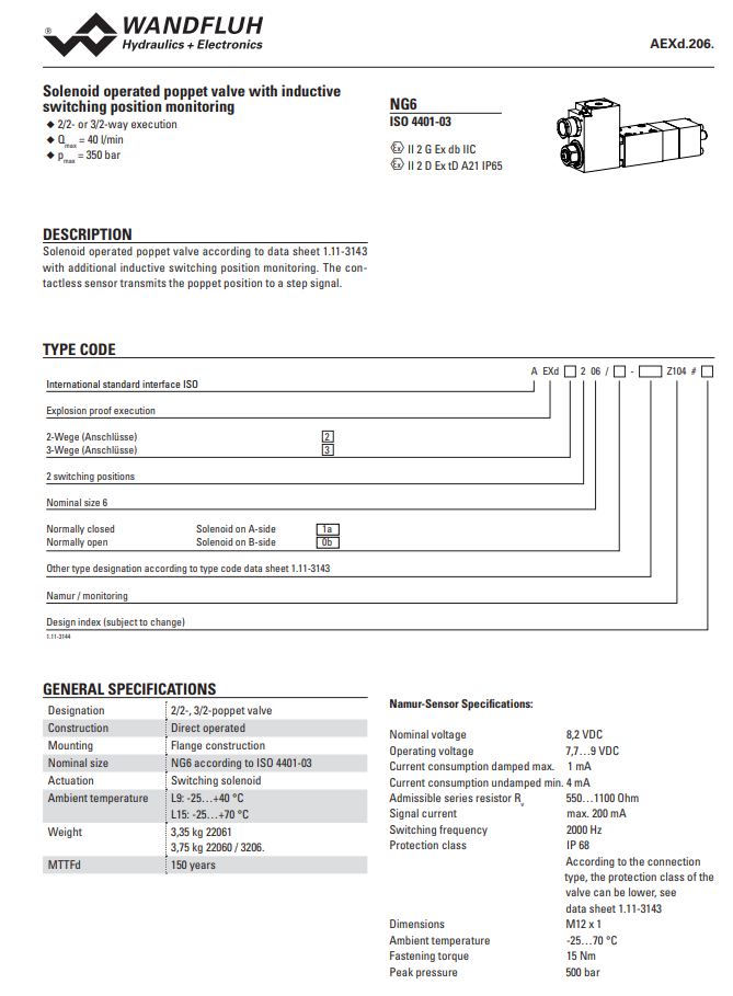 Solenoid poppet valve with inductive switching position monitoring AEXd_206_Z104-Wandfluh
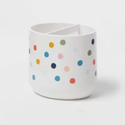 Bring a sweet update to your kiddo’s bathroom decor with this Multi-Dot Toothbrush Holder from Pillowfort™. This plastic toothbrush holder features an open-top design and it’s designed with two-way partitioning to easily organize toothbrushes, toothpaste and more. Adorned with multicolored dots on a cream base, it’s sure to add fun appeal to any bathroom decor. Coordinate with bath accessories with a similar print to create a cohesive look they’re sure to love.
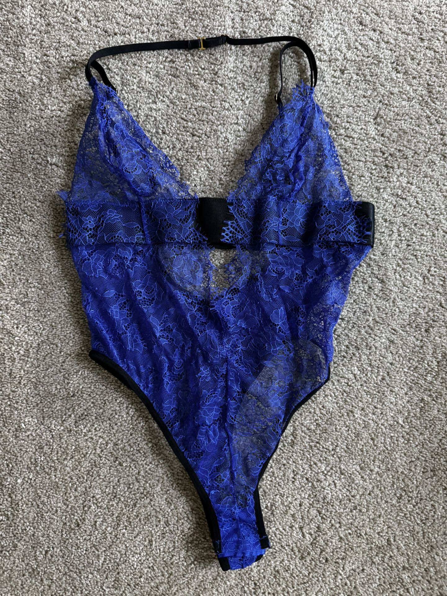 Fashion Nova All Over You Lace royal blue Teddy. I’ve only worn this bodysuit out once. Teddy is completely see through, I had to wear pasties to wear it out. Bodysuit has a deep V-neckline, mesh detail in the back and a black strap detail that goes across the top back. Bodysuit clasps at bottom and has a hook and eye closure in the back. 90% polyamide, 10% elastane Size: S/M Brand: fashion nova Reason for Selling: do not wear anymore I provide numerous pictures to show the condition of the item and try to describe items as accurately as possible so please ensure you view all pictures and read the entire description. Feel free to message with questions!
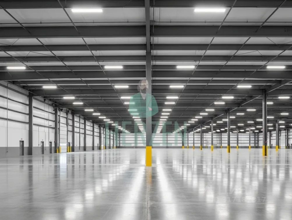 Ровный бетонный пол с антипылевым покрытием. Допустимая нагрузка 5 т/м²
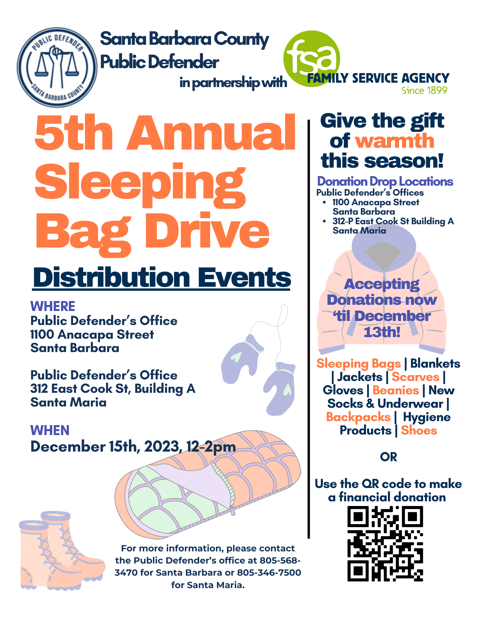 También se aceptan donaciones financieras para la compra de sacos de dormir y ropa interior nuevos, y son deducibles de impuestos a través de la asociación del Defensor Público con la Agencia de Servicios Familiares de Santa Bárbara. Las donaciones financieras pueden hacerse en línea a través del siguiente sitio web: Colecta de sacos de dormir de 2023 | Agencia de Servicios Familiares (givebox.com). La Agencia de Servicios Familiares no aceptará donaciones de otros artículos.
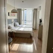 Комната была очень чистой, и расположение было отличным, очень близко к станции метро. Также очень удобно покупать еду, напитки и ходить по магазинам. Окна в номере большие, свет днем очень хороший. Завтрак также очень богатый и на удивление экономичный. Я приеду снова.

Required action – Each line from the one containing "También se aceptan" through the last line of the entries above is to be extracted exactly. Pictures are not part of the copy.

Worked solution –
 También se aceptan donaciones financieras para la compra de sacos de dormir y ropa interior nuevos, y son deducibles de impuestos a través de la asociación del Defensor Público con la Agencia de Servicios Familiares de Santa Bárbara. Las donaciones financieras pueden hacerse en línea a través del siguiente sitio web: Colecta de sacos de dormir de 2023 | Agencia de Servicios Familiares (givebox.com). La Agencia de Servicios Familiares no aceptará donaciones de otros artículos.
 Комната была очень чистой, и расположение было отличным, очень близко к станции метро. Также очень удобно покупать еду, напитки и ходить по магазинам. Окна в номере большие, свет днем очень хороший. Завтрак также очень богатый и на удивление экономичный. Я приеду снова.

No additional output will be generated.